This means that the state governments have to finance their spending either via taxes and charges, borrowing, or asset sales. Over the neo-liberal period, the states adopted the view that borrowing was evil and so privatised significant assets (at bargain basement prices after paying huge fees to investment banks to facilitate the sales). It was a total disaster. Many of the assets have had to be re-purchased by government because the private operator went broke and the essential services would have been lost.
As an aside here is some personal experience.
Over the growth period leading up to the recent recession, the NSW government squandered a huge boost in stamp duty revenue that came there way as a result of the Sydney property boom and oversaw the largest degradation in public infrastructure in our history.
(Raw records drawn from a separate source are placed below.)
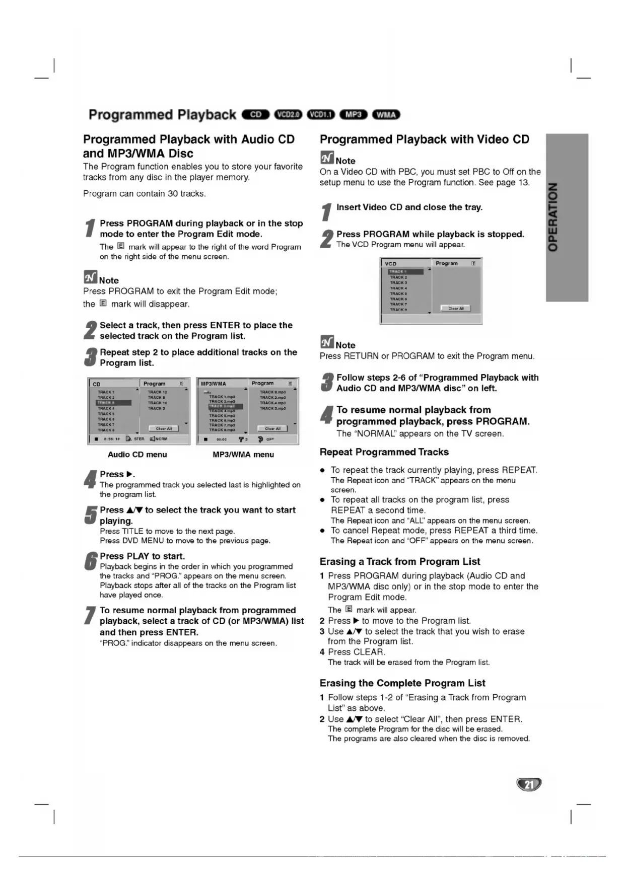 start. Playback begins intheorderinwhichyou programmed thetracksand"PROG."appears the menu screen. Playback stops afterallofthetracks the Program listhave played once.
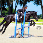 DSR Mystic Primrose aka Rosé, is a coming 5 year old papered Friesian Cross standing 15.2h tall. This sweet mare is filled with talent, flash, and has a heart of gold. She is currently schooling training and first level dressage with plenty of potential to climb up the levels. She scored a 70+% at her first show and marched around without batting an eye. She has three correct, balance gaits that are super comfortable to sit. She is easy in the contact and moves off the leg nicely. She is not a hot, forward ride, but not a kick ride either making her a perfect mount for adult amateur or junior riders. She is simply steady, sane, safe, and a smart girl that is always happy to please. She is currently jumping novice height with scope for plenty more. This girl is brave and honest to everything put in front of her. She doesn’t get hot or drag you to the fences. She steadily approaches and will leave whereever you ask her to. She loves to jump but will be more than happy to be a dressage queen as well. She enjoys both equally and clearly has talent in any direction. Rose is solid to hack out, play through obstacles, head out on a trail, and has even enjoyed swimming in a pond. We find this girl to be wise beyond her years. She retains everything you teach her making her every rider’s dream. Rose will load, tie, trailer, travel as well as bath, be pampered, and loved on like the queen she is. She enjoys all aspects of her job even just hanging out in the ring while her rider sips a glass of Rosé. This girl checks all the boxes and more of young horse. She is sound, no maintenance, no vices, no issues. She has a recent full PPE and clean Xrays on file so she is ready to hop right on your trailer. She is barefoot, an easy keeper, and a pleasure to have in the barn. Ocala, fl. Sale only.
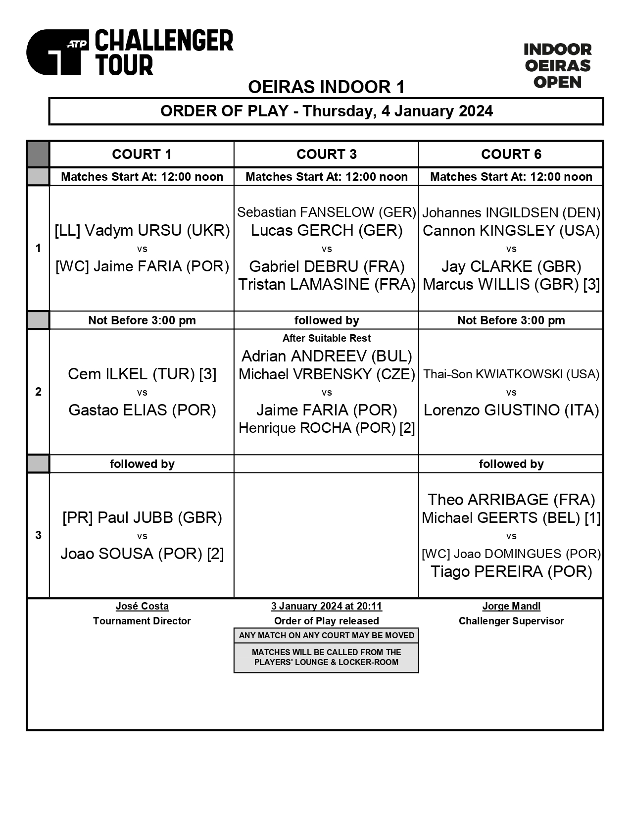Caso não possa deslocar-se até ao Jamor já sabe: pode acompanhar todos os encontros no site oficial do torneio (Indooroeirasopen.pt) e a Sport TV entra em direto a partir das 15 horas.

The state government pursued surpluses over the entire boom period instead of maintaining the essential state infrastructure. It hired a massive squad of private consultants to help it cut spending. It entered into various public-private-partnerships which devolved its responsibilities for public infrastructure provision and handed them over to private equity interests who evaluated their investment decisions based on private profit rather than public good.
The capacity of public hospitals was devastated; railway bridges became dangerous. By the time the credit boom that had driven the NSW property boom was over and the commodity price boom saw the mining states (WA and Queensland) start booming, the NSW economy – the largest in Australia – was dead. All under the watch of NSW Treasury and its culpable Executive Directors. I could go on about the handling of the NSW economy by the state government at length. I no longer use the word government and NSW in the same sentence!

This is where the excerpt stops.